Several factors were behind the rollercoaster ride. First, large hedge funds had sold Game Stop share short, with short interest reaching 140% of the available shares of the company. The funds were betting on the company's insolvency. Next, GameStop announced that new board members were appointed to help lead the company into a promising e-commerce future. Finally, a large group of individual investors who participate on the Reddit internet forum WallStreetBets took an interest in GameStop. They began buying up shares of the company and then holding them, encouraging others to do the same. 

That created a problem for the short sellers, as they had to make higher and higher bids for shares to cover their short positions. The risk taken in a short sale theoretically is infinite as share prices go up if holders refuse to sell. A "short squeeze" had developed, to the pleasure of the individual investors and pain of the hedge funds. Reportedly the short sellers have lost tens of billions of dollars this year. Meanwhile the younger participants at WallStreetBets have been boasting that they've been able to pay off college loans with their profits.

The biggest winners, according to the Financial Times, may have been those who make the markets in stocks. Trading volume has broken records. More than 93 billion shares changed hands over five trading sessions, including 24.4 billion on one day alone. Options trading was up 62% in January, compared to the year-earlier period. 
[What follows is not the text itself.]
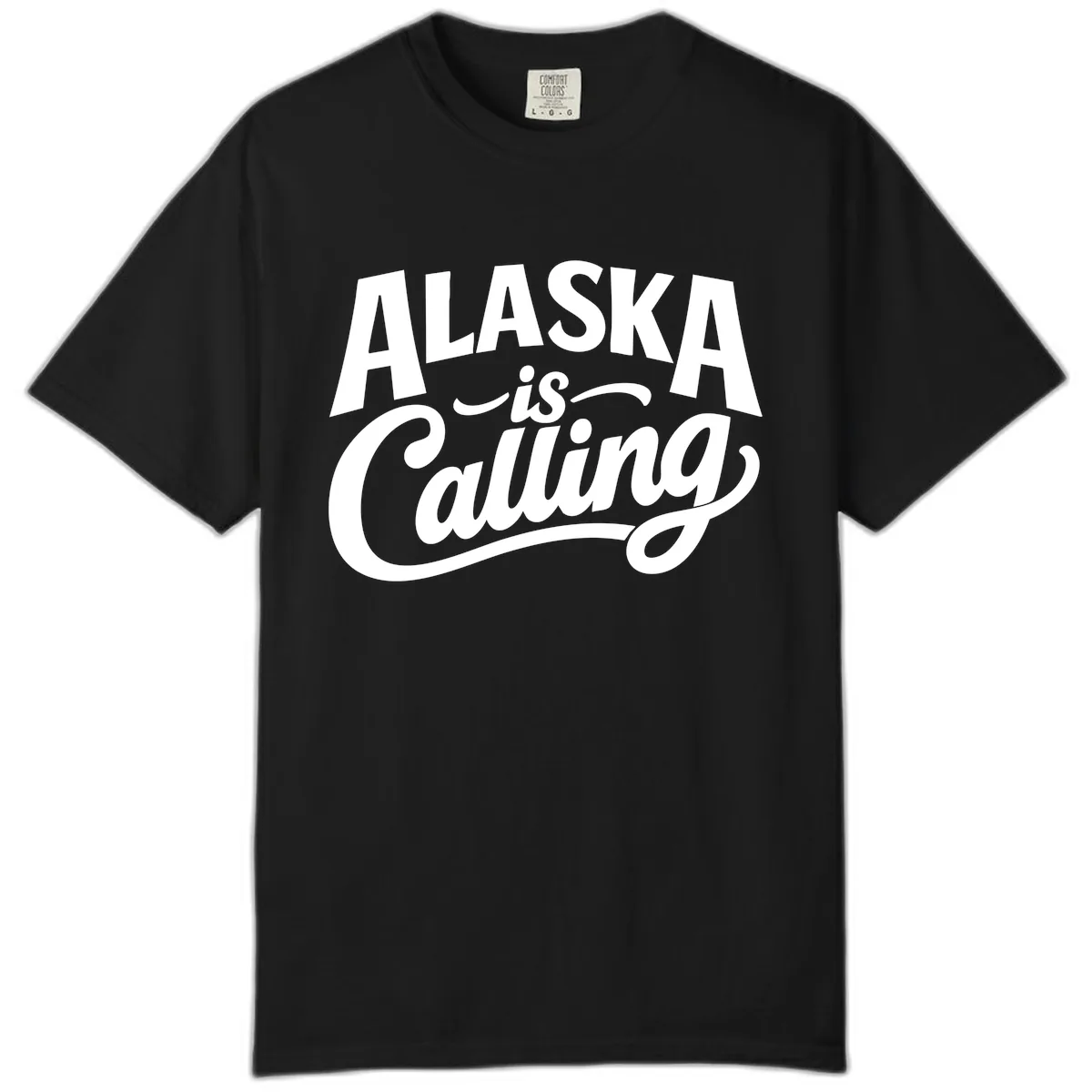 The mixed typography, with its bold 'ALASKA' and flowing 'is Calling' script, takes on a slightly vintage, characterful appearance due to the garment-dyeing process, adding to its charm.

One driver of the growth in individual investor activity is the emergence of firms that provide free trades, most prominently RobinHood. But this incident put a spotlight on why those trades can be free. RobinHood sells its order flow to certain market makers that will profit from the spread between the bid and ask price of the shares. The compensation for RobinHood is a percentage of that spread. RobinHood reported that in the fourth quarter it earned $221.4 million in this way. Put another way, one might say that RobinHood's customers paid $221.4 million for their "free" accounts that quarter. There is no such thing as a free lunch. It is a truism in the internet age that when you get something for free it is because you are the product.

During one heated week RobinHood restricted their users' ability to trade GameStop shares, while the hedge funds remained free to trade. The disparity in treatment has led to calls for an investigation, with the possibility of new regulation or legislation.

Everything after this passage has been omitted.